Auch in Österreich stellen von der Heteronormativität abweichende sexuelle Orientierungen und Geschlechtsidentitäten immer noch ein Tabuthema und einen Diskriminierungsgrund dar. Das bestätigte auch die weltweit größte LGBTIQ-Studie der europäischen Grundrechte-Agentur FRA. Ihr zufolge geben 40% der LGBTIQ-Personen in Österreich an, sich innerhalb von 12 Monaten mindestens einmal diskriminiert gefühlt zu haben, 33% berichten von Belästigungen und 11 % der Befragten berichteten von physischen oder sexuellen Übergriffen innerhalb der letzten fünf Jahre. https://fra.europa.eu/de/news/2020/umfrage-unter-lgbti-personen-europa-dominiert-die-hoffnung-oder-die-angst

Vor allem der schulische Bereich, der Arbeitsplatz und die medizinische Versorgung kristallisieren sich dabei als Problemfelder heraus. Viele LGBTIQ-Personen verheimlichen daher immer noch ihre sexuelle Identität aus Angst vor Spott, Diskriminierung und Gewalt.

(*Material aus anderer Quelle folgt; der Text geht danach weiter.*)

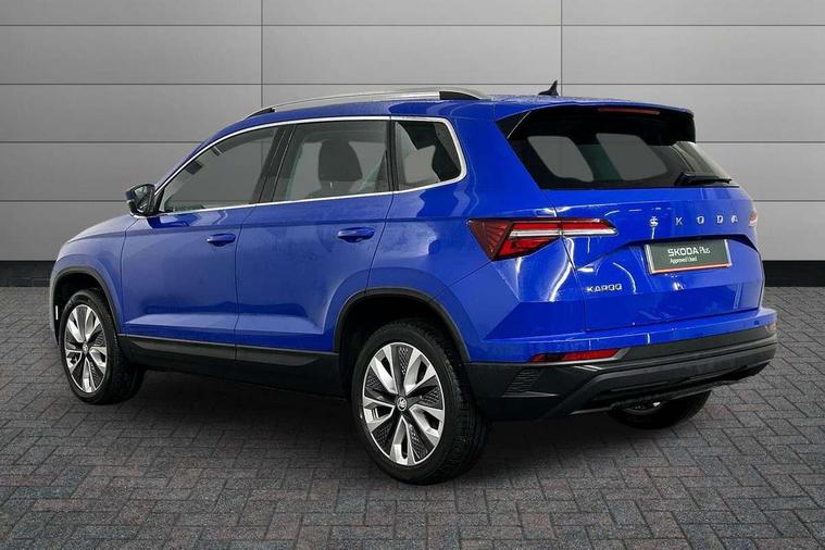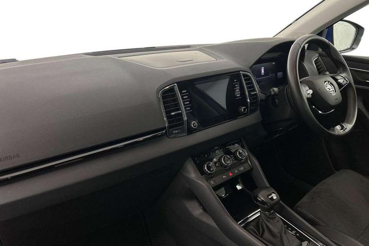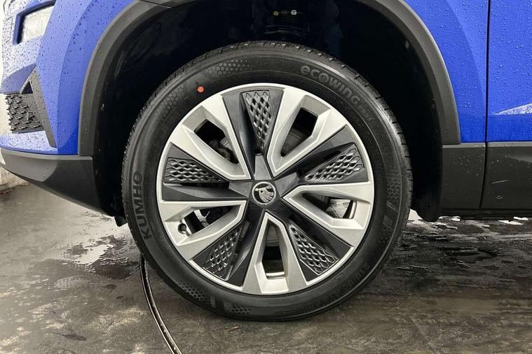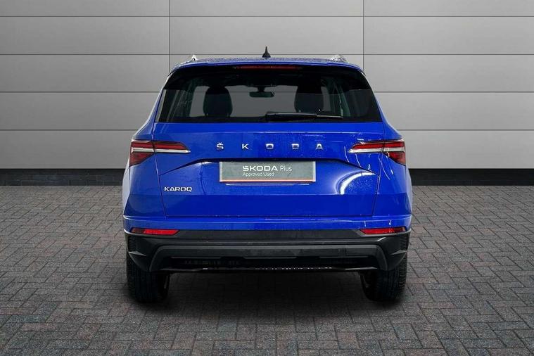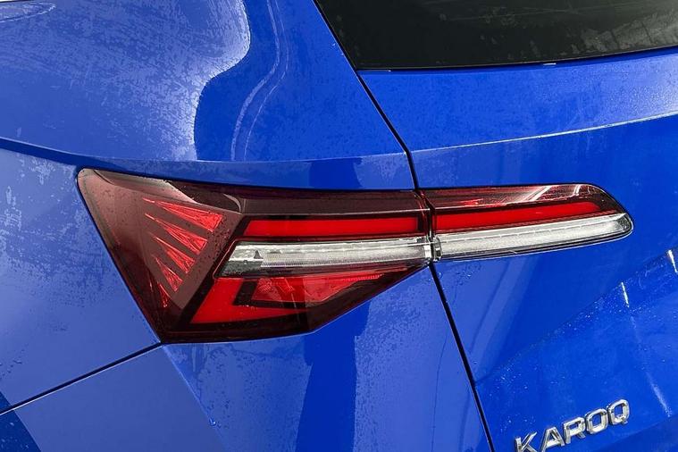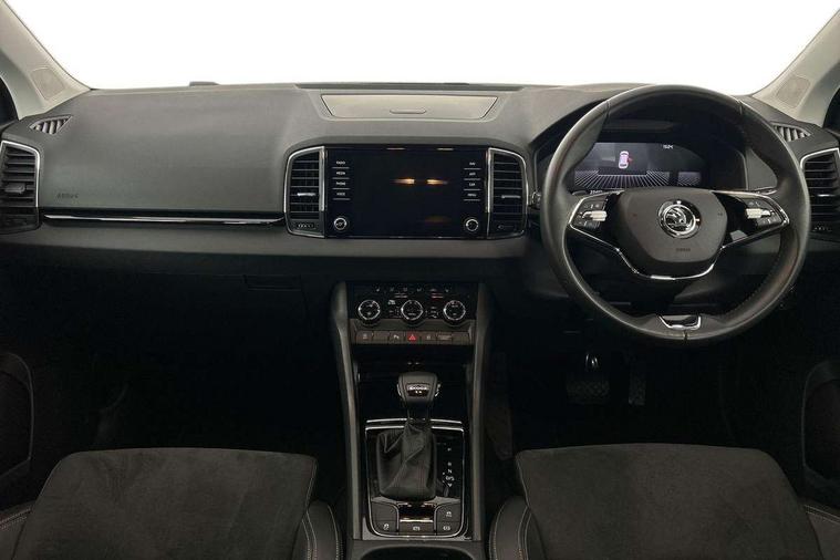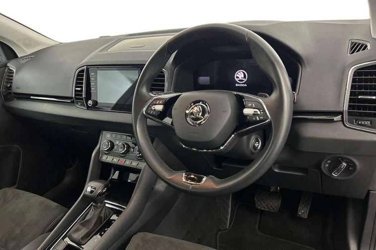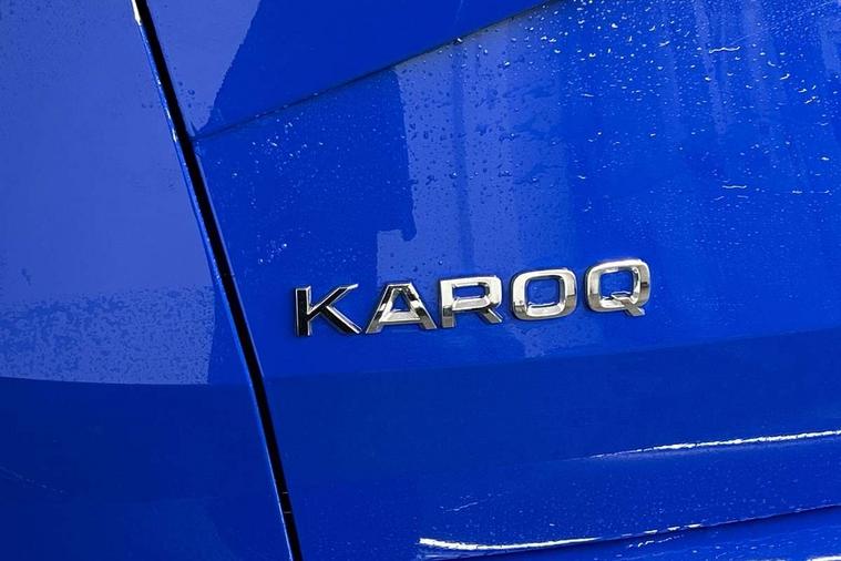 8" Digital display, Care connect, Driver fatigue sensor, Emergency services call system, Outside temperature gauge, Service interval indicator, SmartLink wireless for Apple and wired for Android, Start/stop system with regenerative braking, USB C Port x 2 in front centre console, 8 Speakers, DAB radio with Bluetooth, USB connection, Acoustic glass, Aero front windscreen wipers with intermittent function, Auto dimming rear view mirror with light and rain sensors, Black electric window control buttons, Body colour door mirrors and handles, Dynamic headlight range control with cornering light function, Electric front and rear windows with child proof lock, Heated rear windscreen, LED daytime running lights, LED rear lights with high functionality welcome effect and dynamic indicators, Light assistant (coming/leaving home/tunnel light), Plastic scuff plates, Privacy glass, Rear side wing doors, Rear spoiler, Rear window wiper with washer system and intermittent control, Safety reflectors on front doors, 1.5 litre bottle holders in driver and front passenger door panels, 12V socket in boot, 12v socket in front centre armrest with storage compartment and rear air vents, 2 spoke leather heated multifunction steering wheel with DSG paddles, 2 x Tablet holder, 3 rear height adjustable headrests, 3 seat bench in 2nd row, 4 foldable roof handles with rear coat hooks, Black floor carpet, Chrome inner door handles, Decorative door sills with KAROQ badging, Double sided boot floor, Foldable hooks in the boot, Front head restraints, Height adjustable front three point seats belts with tensioners, Height/reach adjust steering wheel, Ice scraper, Illuminated glovebox, Illuminated luggage compartment, Isofix child seat preparation for front passenger seat, Isofix child seat preparation outer rear, Manual lumbar support for front seats, Pen holder, Pollen filter, Rear boot cover, Rear reading lights, Rubbish bin door, Safety vest holder, Single front passenger seat, Storage box in upper central dashboard closed, Sunvisors with illuminated vanity mirrors, Textile floor mats, Ticket holder, VarioFlex seats with standard rear seat release, Boot pack - Karoq, Chrome roof rails + chrome pack - Karoq, Parking pack - Karoq, Automatic door unlocking in case of crash, Automatic fuel cut off in case of crash, Child locks on rear doors, Driver airbag, Electronic parking brake with auto hold function, Emergency rear braking signal, ESC including ABS, MSR, ASR, EDS, HBA, DSR, RBS, MKB and traction control, Front side airbags, Hill hold control, Knee airbags, Passenger airbag with switch-off function, Pedestrian monitor, Seatbelt reminder signalisation and pretensioner for all seats, Three point seatbelts rear, Two tone horn, Tyre pressure display, Tyre pressure monitor, Alarm with interior monitoring, back up horn and tilt sensor with safe function, Electronic engine immobiliser, Keyless entry and start/stop, Remote central locking with 2 remote folding keys, Chrome framed air vents, 18" Miran alloy wheels in black, Anti-theft wheel bolts protection, Storage on wheel cover, Tool kit,

Besonders im Schulunterricht wird anhand der Lehr- und Lernmaterialien und des Aufklärungsunterrichts deutlich, dass über Homo-, Inter- oder Transsexualität noch immer nicht offen gesprochen wird und nur wenige Lehrer_innen sich aktiv mit diesem Thema befassen.

LGBTIQ-Personen und besonders -Jugendliche wissen oft nicht, an wen sie sich mit ihren Fragen und Gefühlen wenden können, leiden vermehrt an Depressionen und gesteigerter Suizidgefahr. Die Entfaltung der eigenen sexuellen Orientierung und Identität ist ein wichtiger Schritt der Persönlichkeitsentwicklung und wirkt sich nachhaltig auf die Lebensqualität eines Menschen aus. Es ist daher besonders wichtig, bereits im Schulunterricht offen an LGBTIQ-bezogene Themen heranzugehen, für sachliche und fundierte Aufklärung zu sorgen und deutlich gegen verbale und physische Gewalt und Diskriminierung einzutreten.

Die unterfertigten Abgeordneten stellen daher folgenden

ENTSCHLIESSUNGSANTRAG

 

Der Nationalrat wolle beschließen:

"Die Bundesregierung, insbesondere der Bundesminister für Bildung, Wissenschaft und Forschung, wird aufgefordert, ein umfassendes Konzept zu erarbeiten, das die rasche Verankerung von LGBTIQ-bezogenen Themen, sachlicher Aufklärung hierzu und die Verwendung von LGBTIQ-inklusiven Lehr- und Lernmaterialien im österreichischen Schulunterricht vorsieht. Darüber hinaus sollen an Schulen niederschwellige Anlaufstellen eingerichtet werden, an die sich Kinder und Jugendliche bei Fragen, Problemen und Diskriminierungserfahrungen wenden können, um Unterstützung zu erhalten."  



In formeller Hinsicht wird die Zuweisung an den Gleichbehandlungsausschuss vorgeschlagen.